I am from Mumbai and I am looking to get a "broadband" connection. anyway the important thing for me is that the connection should be uncapped. I remember somebody saying that there is a reliance platinum scheme which offers unlimited net connection at 1500/- per month. can somebody give me the details on this and what will I need to do to get the connection as I dont have a reliance phone. can I get this connection at reliance webworld centres.

thanks


----------



## GNUrag (Feb 10, 2005)

Hi,
Please use the sticky thread in the general discussions section for more information on broadband schemes available.


----------



## din (Feb 10, 2005)

*Re: Reliance Net users : which is the unlimited download sch*



			
				trivisingh said:
			
		

> Hi,
> ....
> I remember somebody saying that there is a reliance platinum scheme which offers unlimited net connection at 1500/- per month. .....
> thanks


Reliance Platinum plan
Total - Rs. 1500 + tax will come to 1650 per month nearly  
Initial deposit - 800 + 1500 I think , out of which 1500 , u will get it back ( deposit )
Speed - Usually 30 - 50 kbps up / down , Downloading 10 KBps , it is a good option ,  ( from my experience , could download about 15 CDs last month ) 
Downtime - Total was 30 mins ( 15 + 15 ) last month - for me
U will get the conn same day u apply ( mostly )
In this forum go4inet , ranjithbajpe and din use platinum plan .
Overall opinion ( form my side ) - May not b the best , but nice plan and service . 
Read more about the plan at 
*www.relianceinfo.com/Infocomm/Rim/rconnect_tariffs_details.html

.


----------



## trivisingh (Feb 10, 2005)

thanks for the detail, din. it sure looks like a good option especially since I am more interested in an uncapped connection. having a broadband connection is of no use if you are limited to a couple of GBs per month


----------



## daj123 (Feb 10, 2005)

call up your local cable operator. he might have some good plans.


----------



## lavanian (Feb 12, 2005)

"Reliance...Speed - Usually 30 - 50 kbps up / down , Downloading 10 KBps , it is a good option , ( from my experience , could download about 15 CDs last month ) "

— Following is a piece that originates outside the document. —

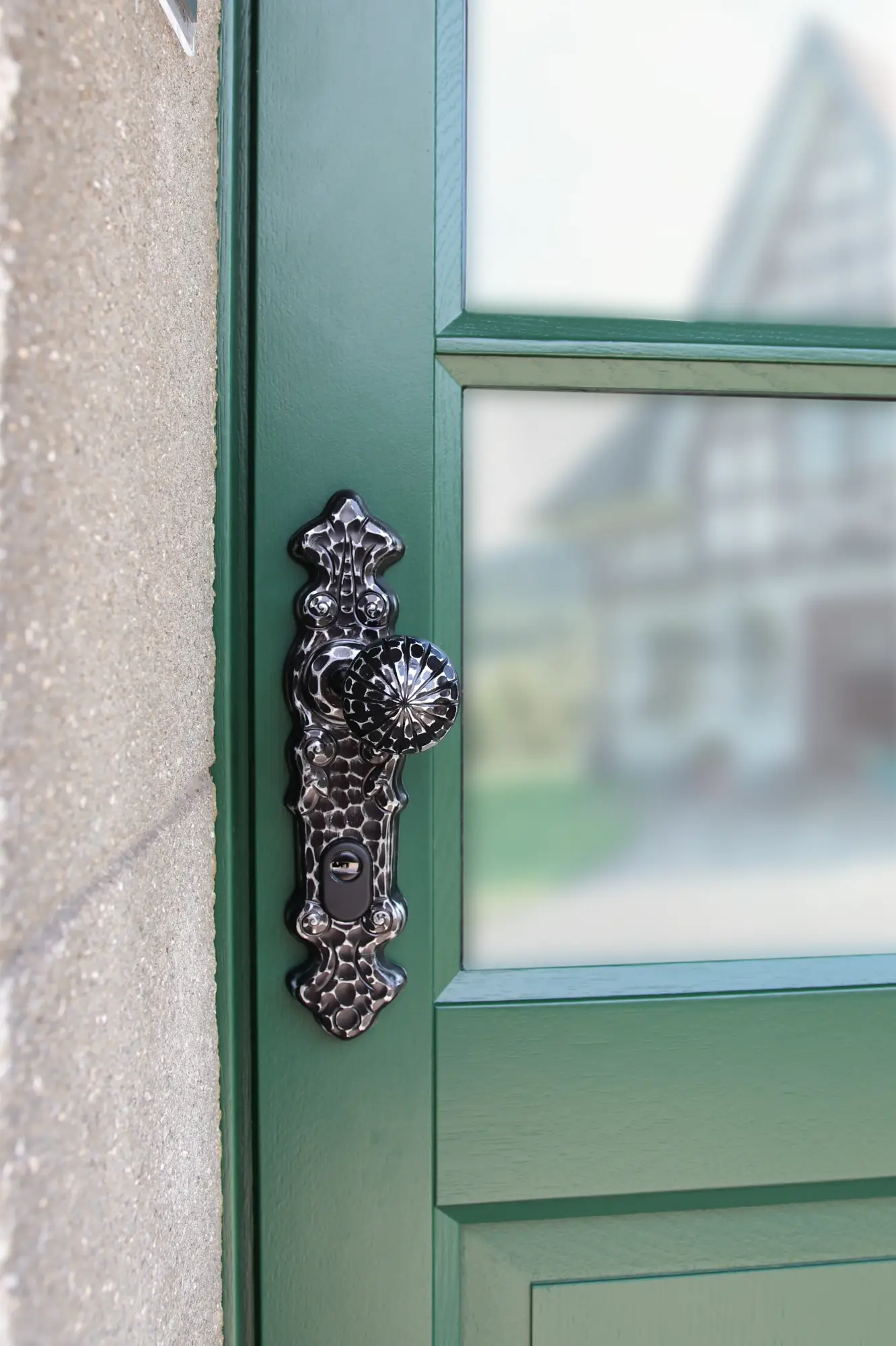 Massive Landhaustür aus Eiche mit grüner Lasur, 3-fach Verglasung und sichtbarer Holzstruktur.

....Thats bad!! A broad band connection should have a cap of 256 KBPS up/down ....instead try BSNL broadband , though I'v not tried it , I believe it is FAST... Any one's tried BSNL's Rs 500 Per month 256 K connection??[/list]


----------



## bharathbala2003 (Feb 12, 2005)

broadband broadband broadband!!!!!!!!!!!!!!!!!! this is wat iam seein in this forum.. guys y not u SEARCH the FORUMS B4 pasting!!!!!!!!! all broadband stuffs are in the thread below 

*www.thinkdigit.com/forum/viewtopic.php?t=14034


----------



## lavanian (Feb 12, 2005)

oops


----------



## lavanian (Feb 12, 2005)

oops


----------